About a year before I met my wife, my brother-in-law gave me some sound advice which I would like to pass on today. Being married is great, and I wouldn't trade it for anything, but there is one thing you may want to make a note of.Your are signing up to become a glorified household appliance.
It isn't a huge deal, but I've had this discussion with several men and they all agree. Once you meet the woman of your dreams and decide to "tie the knot", you will transform into a one touch super home appliance. It won't be written into your wedding vows, but I recommend you accept it as fact.
You will become a jar opener.
Before Andi and I were married she always carried pickles in her refrigerator. Other than in the summers, we didn't live together, but somehow she managed to open the jar. After getting married, women become physically unable to open jars. She still loves pickles, but is now unable to have them without going through me. Andi has no problem pulling around a thousand pound horse, or milking cows, but jars are impossible to open.

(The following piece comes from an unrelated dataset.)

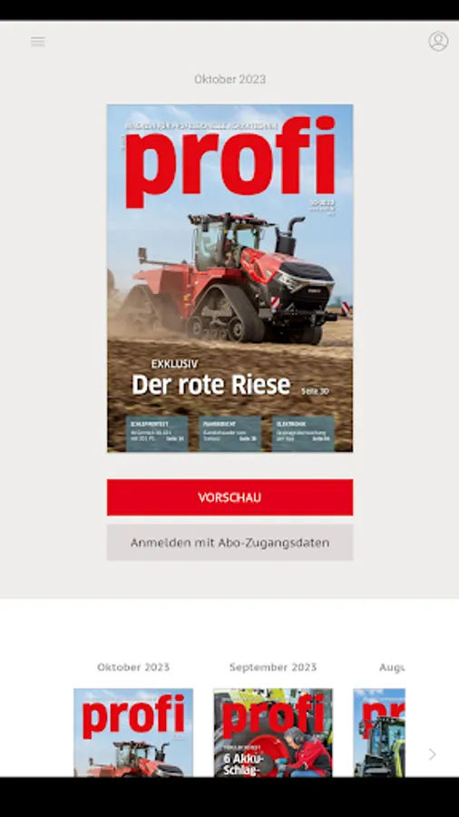 In the ePaper app you will find all the contents of the printed profi edition one to one - practically as a flip catalog. Read the current profi or older issues conveniently anywhere with your smartphone or tablet. You can find additional content such as videos, picture galleries or panorama pictures in the online articles at www.profi.de.
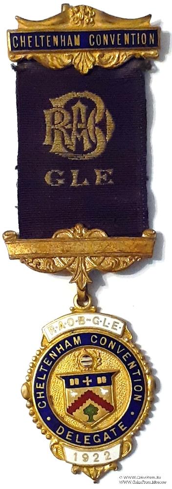 Колодки/медальон: верхняя колодка в виде прямоугольника. Снизу прямоугольника орнамент, сверху- рога буйвола. На прямоугольнике на синей эмали надпись: CHELTENHAM CONVENNION – конвенция CHELTENHAM (Че́лтнем (Курорт Челтнем; Cheltenham) — крупный курорт в граф-стве Глостершир, Англия, недалеко от Глостера и Сиренстера). Верхняя колодка с иглой для носки, нижняя – с крючком для подвески знака в форме ленты на фоне стилизованного орнамента.

You will become a reacher.
After marriage the step stool becomes obselete. Everybody has heard a woman say she refuses to be involved with any shorter than her. This is her natural instinct. Your value as a man decreases if you can't reach the top shelf.
You will become a pet cleaner.
If your dog ever shits or vomits in your house, be prepared to clean it. This is one of the smellier jobs out there and your wife will throw a fit if she has to do this. There is a silver lining, though. Cleaning up your dogs mess means you probaly won't have to cook, or do dishes for at least the next day.
You will become a pest controller.
If you're afraid of snakes, bats, or spiders, you may want to get over it. As tough as my wife is, she can't handle anything creepy. Just try not to be a pussy about this one.
You will become bubble wrap.
Have you ever popped bubble wrap just for fun? She's going to start popping things on you. You can get zits on your back that aren't even there. It would be easier and much less painful for you to do on your own, but she will want to do it. It's hard to avoid getting things popped. Luckily it won't last too long.
You will become furniture.
Your days of sitting comfortably on a couch will come to an end. She will rearrange you into something she can either lay on, and sit on. You'll be a pillow, a chair and a footrest all in one.
Overall, it's not so bad being an appliance, but I figured you may want to know. Just remember that you can barter your services for sexual favors! Legalized prostitution FTW.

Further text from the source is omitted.